In Example 51, the subject matter of Examples 43-50 includes, presenting, at a user interface (UI), an instruction to the person for performing a physical activity for which the movement of the body of the person is tracked.

In Example 52, the subject matter of Example 51 includes, simultaneously displaying on a display of a mobile computing device the first plurality of keypoints, the second plurality of keypoints, and the at least one image.
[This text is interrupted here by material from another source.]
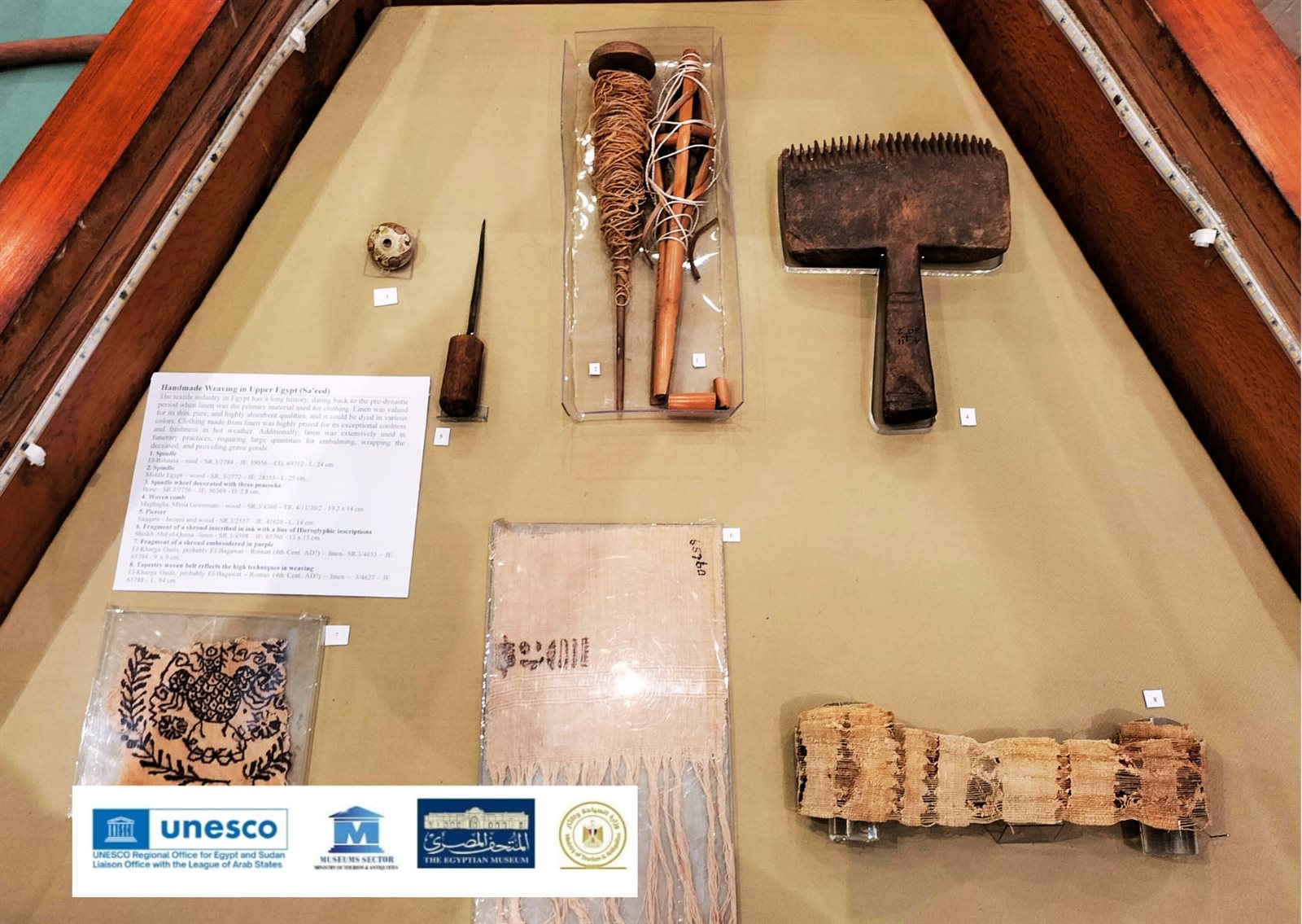 يعرض المتحف المصري بالتحرير، مجموعة من القطع الأثرية التى تستخدم خلال عملية النسيج مثل المغازل وأمشاط النسيج والمخارز وأجزاء من أكفان ومنسوجات تعود إلى حفائر متنوعة وعصور زمنية مختلفة.

Example 53 is at least one non-transitory computer-readable storage medium including software configured to cause one or more processors, individually or in combination, to perform operations comprising: identifying a first plurality of keypoints on a body of a person that is captured within at least one image; generating a body mask with respect to the body of the person that is captured within the at least one image; identifying, using the body mask, a second plurality of keypoints along a contour of the body of the person that is captured within the at least one image; and tracking a movement of the body of the person using the first plurality of keypoints and the second plurality of keypoints.

In Example 54, the subject matter of Example 53 includes, wherein the first plurality of keypoints is generated using a pose estimation model.

In Example 55, the subject matter of Examples 53-54 includes, wherein the first plurality of keypoints comprises at least one of a joint landmark or a head region landmark.

In Example 56, the subject matter of Examples 53-55 includes, wherein the body mask is generated using a segmentation model.

In Example 57, the subject matter of Examples 53-56 includes, wherein the segmentation mask comprises pixels with corresponding numerical values associated with the body contour.

In Example 58, the subject matter of Example 57 includes, wherein the numerical values associated with the body contour correspond to at least one of probabilities, grayscale range values, or RGB scale values.

In Example 59, the subject matter of Examples 53-58 includes, the operations further comprising capturing the at least one image via a camera on a mobile computing device.

In Example 60, the subject matter of Examples 53-59 includes, wherein the at least one non-transitory medium is on a mobile computing device.

In Example 61, the subject matter of Examples 53-60 includes, the operations further comprising presenting, at a user interface (UI), an instruction to the person for performing a physical activity for which the movement of the body of the person is tracked.

In Example 62, the subject matter of Example 61 includes, the operations further comprising simultaneously displaying on a display of a mobile computing device, the first plurality of keypoints, the second plurality of keypoints, and the at least one image.

Example 63 is at least one machine-readable medium including instructions that, when executed by processing circuitry, cause the processing circuitry to perform operations to implement of any of Examples 1-62.

Example 64 is an apparatus comprising means to implement any of Examples 1-62.

Example 65 is a system to implement any of Examples 1-62.

Example 66 is a method to implement any of Examples 1-62.

Example 67 is a non-transitory computer-readable storage medium including instructions that when executed by a computer, cause the computer to implement any of Examples 1-62.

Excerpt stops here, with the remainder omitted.